My friend leans over the fake wooden table with two delicately decorated pieces of cake sitting atop just as we sit in the bakery, discreetly somber underneath the cheerful exterior.
"I have something to tell you. I have cancer. I have eyeball cancer."
She laughs. This is a line from a terribly bad-humored, two-minute cartoon we viewed years ago in high school. I would have laughed too if this scene had occurred three months ago. I do not find it funny anymore. It is simply a bad joke about a tragic event: acquiring cancer. True, eyeball cancer sounds ridiculous in the cartoon that parodied overly paranoid individuals; however, it is not as humorous when it hits close to home.
Three months ago, I found out that my maternal aunt in her late thirties was diagnosed with stage two cancer of the lungs. This came as a huge shock because she never smokes, no one around her smokes, and our family does not have a history of cancer. The doctor says the environment might have caused it. Whatever the reason, she is now preparing for chemotherapy after taking an MRI to check if the cancerous cells have spread to her brain because she has been having blinding headaches, and a test of seven lymph nodes surrounding her lungs for presence of cancerous cells have resulted in the affirmative.

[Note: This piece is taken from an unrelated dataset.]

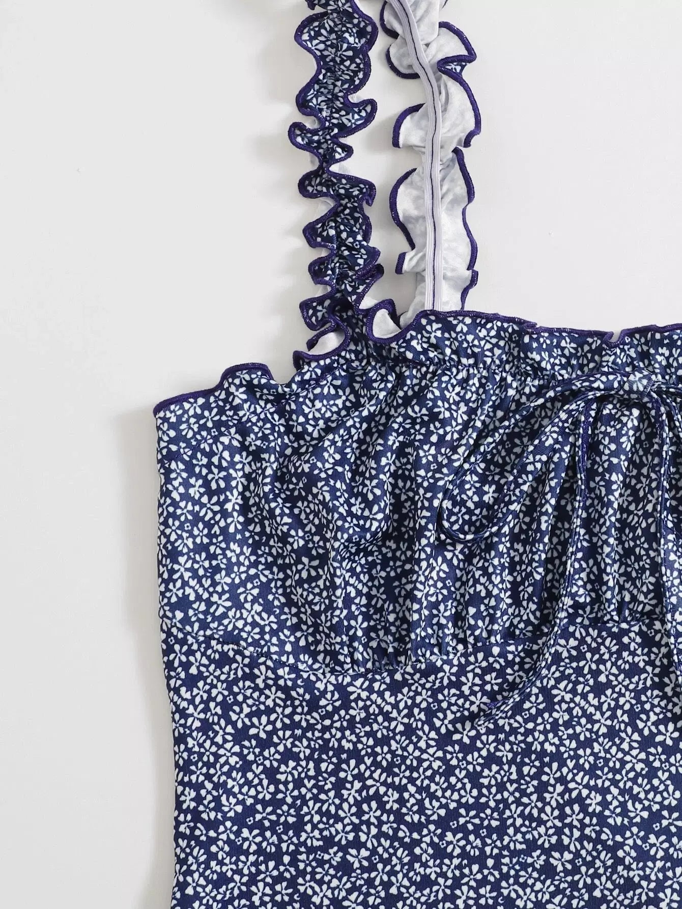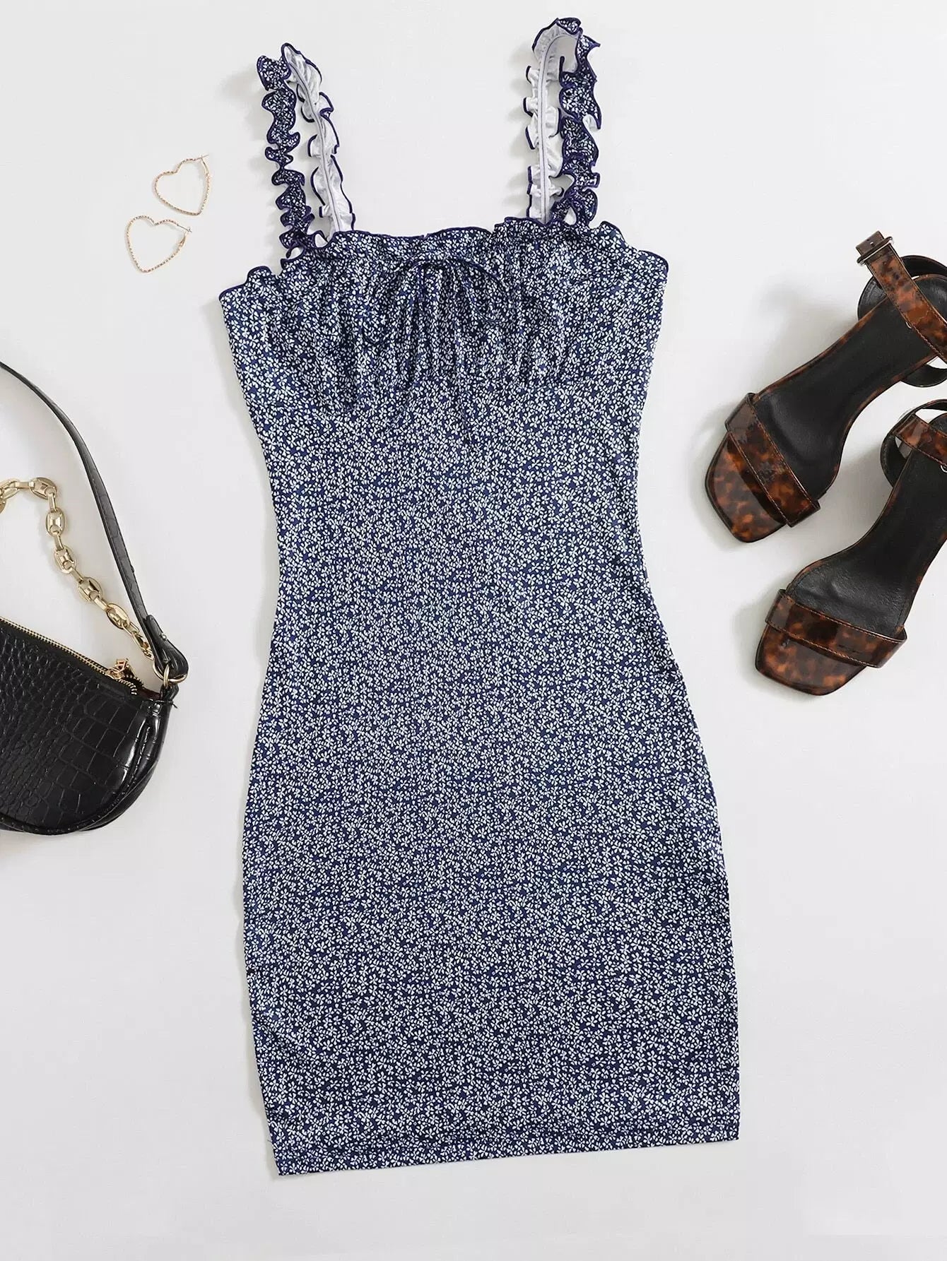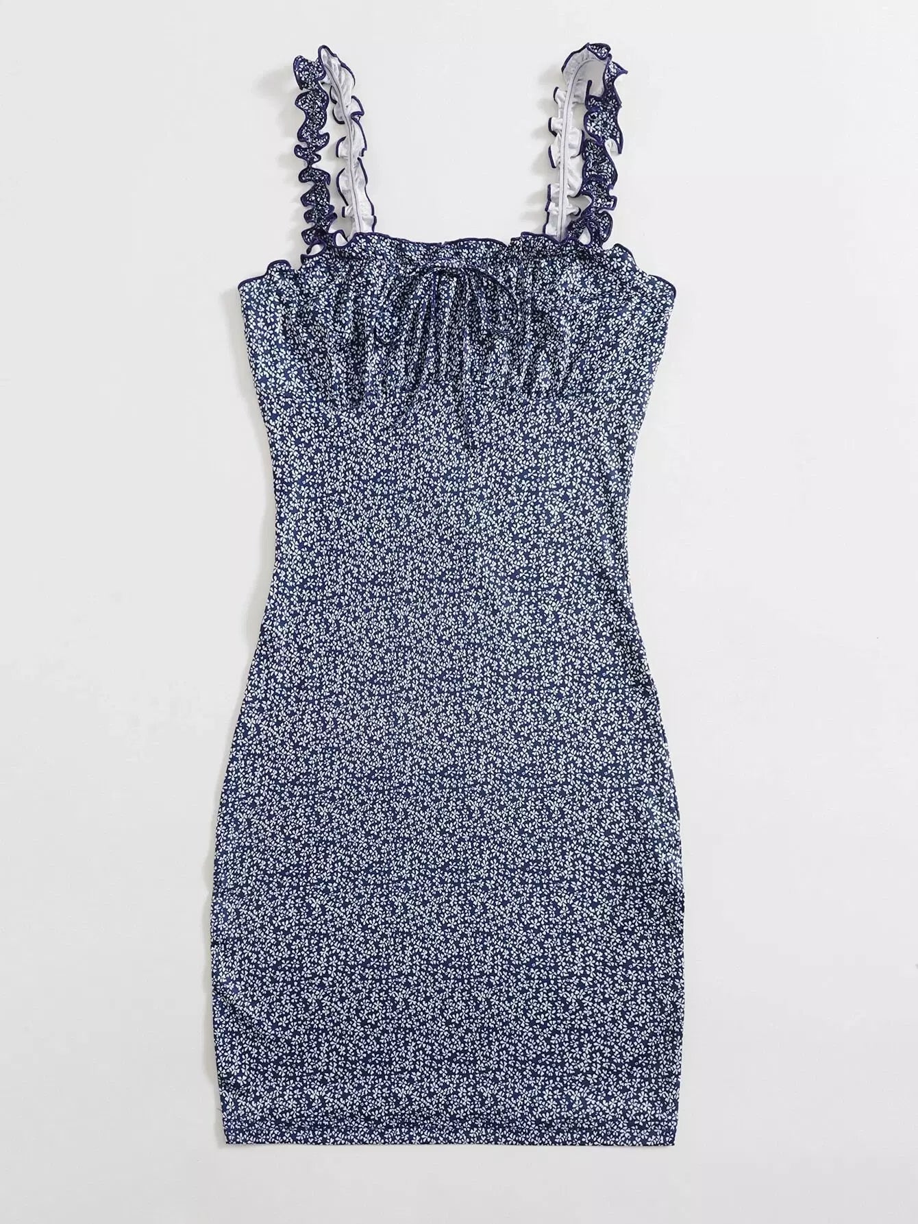 Frill Straps Knot Ruched Bust Ditsy Floral Dress

Life is a series of preparations. As a toddler, you prepare for preschool. Preschool prepares you for elementary school, which prepares you for high school, which prepares you for college, which ultimately prepares you for work in the “real world” and the abstract notion of life. What's next? Retirement. Then death. This is the general trend of life.
I have never before had to deal with the death of someone close to me. Though I’ve had tribulations, they were not life-altering events: My great aunt, whom I did not know, passed away; arguments always subsided and resolved; and my high school volleyball coach recovered from breast cancer after months of chemotherapy. While grief has grazed me in the past, these encounters with almost-tragedies left me unprepared for the present.
I feel somber thinking about the situation, but whenever I see my aunt she has a smile on her face. It is a smile that gives me a new perspective: sometimes, I am too busy to enjoy life and forget simple joys. I understand that is okay to feel sad, and that I should not allow the sorrow to permeate the atmosphere. Her smile tells me that I should look on the brighter side of things and be productive, get things done, rather than sulk around and dwell on the pessimistic.
My aunt's sanguine demeanor is a lesson that I will carry in my mind from now on. Unpleasant events are out of human control, and it is necessary to accept the good along with the bad. As the protagonist of the unsuccessful existential comedy, “I Heart Huckabees,” remarks, "No manure, no magic."
Jeanne Dang '10 is a Crimson design editor in Eliot House.